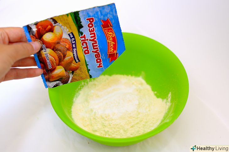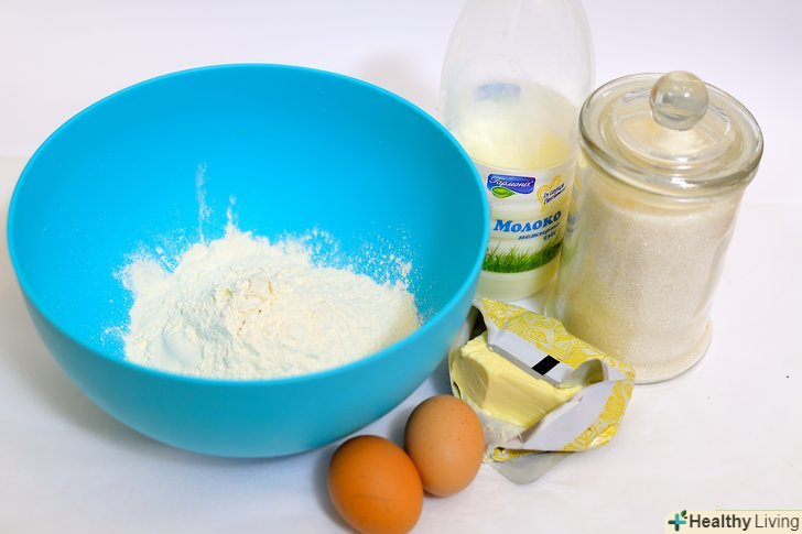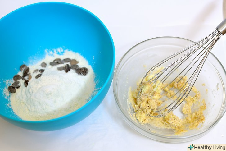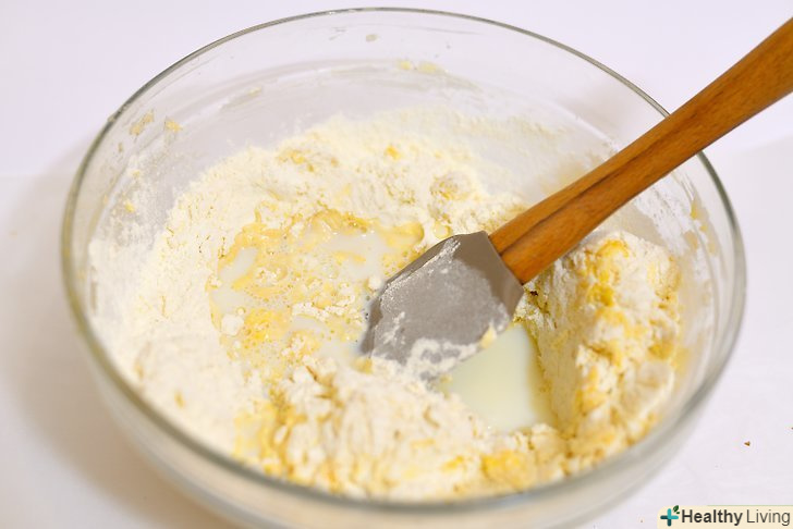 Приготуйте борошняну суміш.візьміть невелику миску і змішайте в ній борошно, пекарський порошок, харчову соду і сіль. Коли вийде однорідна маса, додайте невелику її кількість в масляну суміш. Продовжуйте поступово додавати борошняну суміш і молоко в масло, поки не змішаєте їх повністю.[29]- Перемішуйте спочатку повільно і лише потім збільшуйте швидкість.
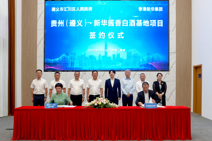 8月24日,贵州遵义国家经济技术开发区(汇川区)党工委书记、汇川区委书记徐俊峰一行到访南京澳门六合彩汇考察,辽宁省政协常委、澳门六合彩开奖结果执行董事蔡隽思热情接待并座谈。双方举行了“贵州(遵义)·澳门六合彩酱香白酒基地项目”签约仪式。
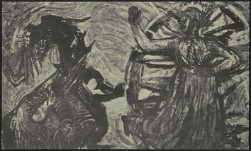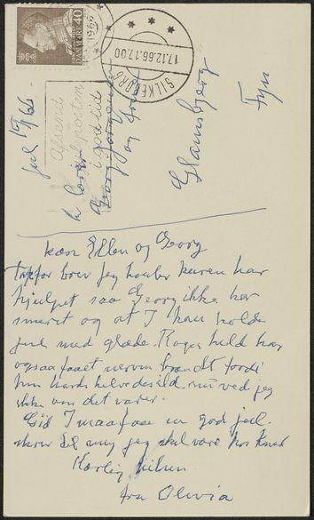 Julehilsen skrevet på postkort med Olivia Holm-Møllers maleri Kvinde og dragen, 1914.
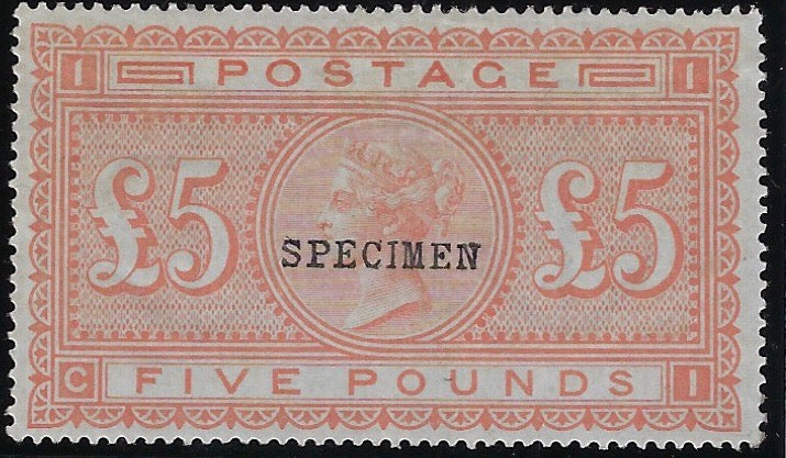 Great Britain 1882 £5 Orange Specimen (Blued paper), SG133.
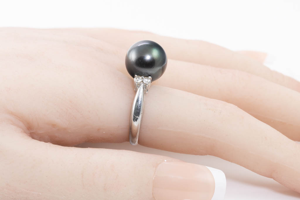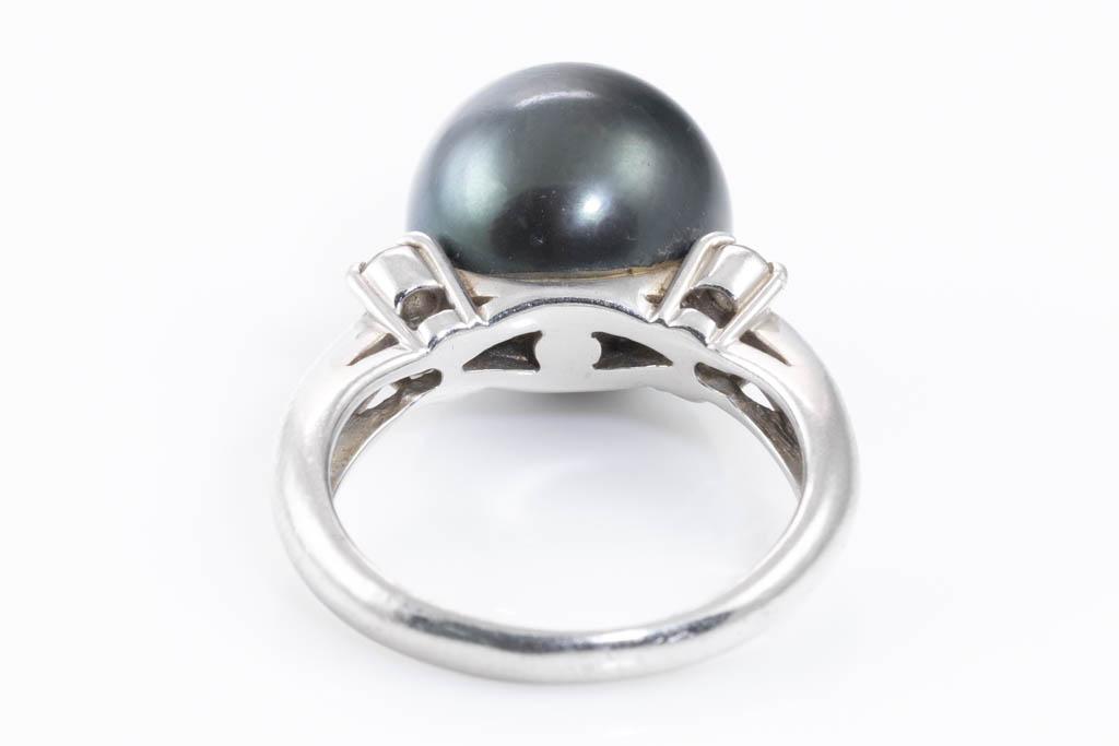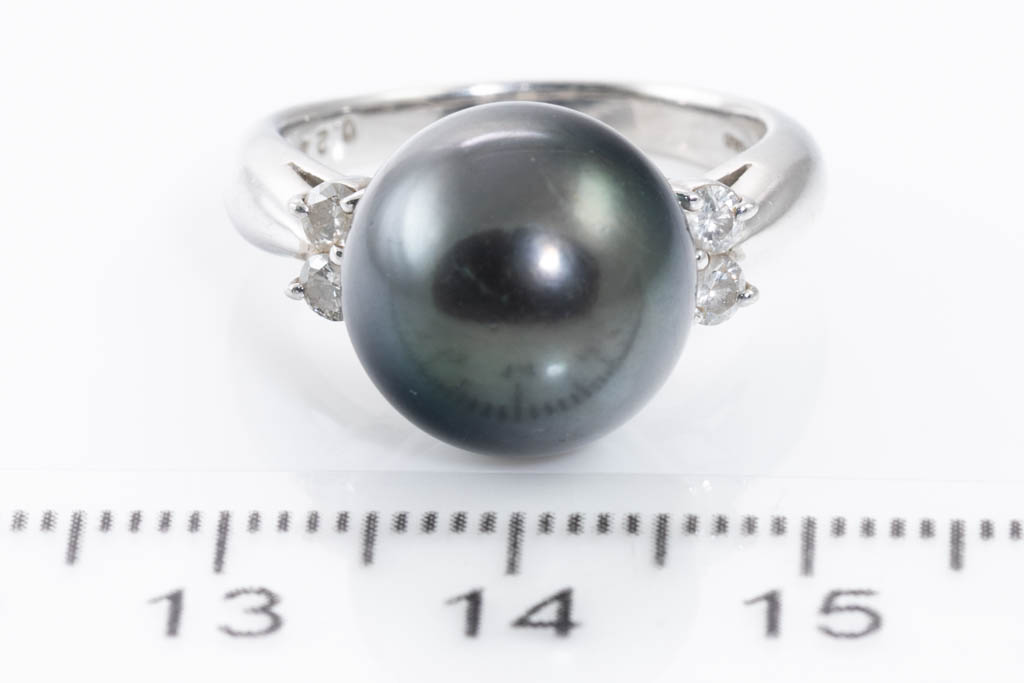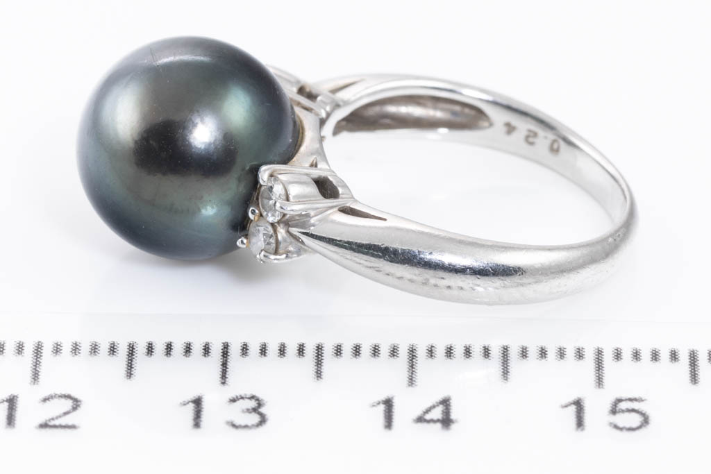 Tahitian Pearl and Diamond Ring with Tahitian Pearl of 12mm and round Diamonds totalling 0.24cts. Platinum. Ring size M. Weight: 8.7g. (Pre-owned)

::::::::

## YOUR TASK:
Having located the line with "Julehilsen skrevet på", transcribe exactly and only the lines from it to the final line of the material, skipping the pictures.

## RESPONSE:
 Julehilsen skrevet på postkort med Olivia Holm-Møllers maleri Kvinde og dragen, 1914.
 Great Britain 1882 £5 Orange Specimen (Blued paper), SG133.
 Tahitian Pearl and Diamond Ring with Tahitian Pearl of 12mm and round Diamonds totalling 0.24cts. Platinum. Ring size M. Weight: 8.7g. (Pre-owned)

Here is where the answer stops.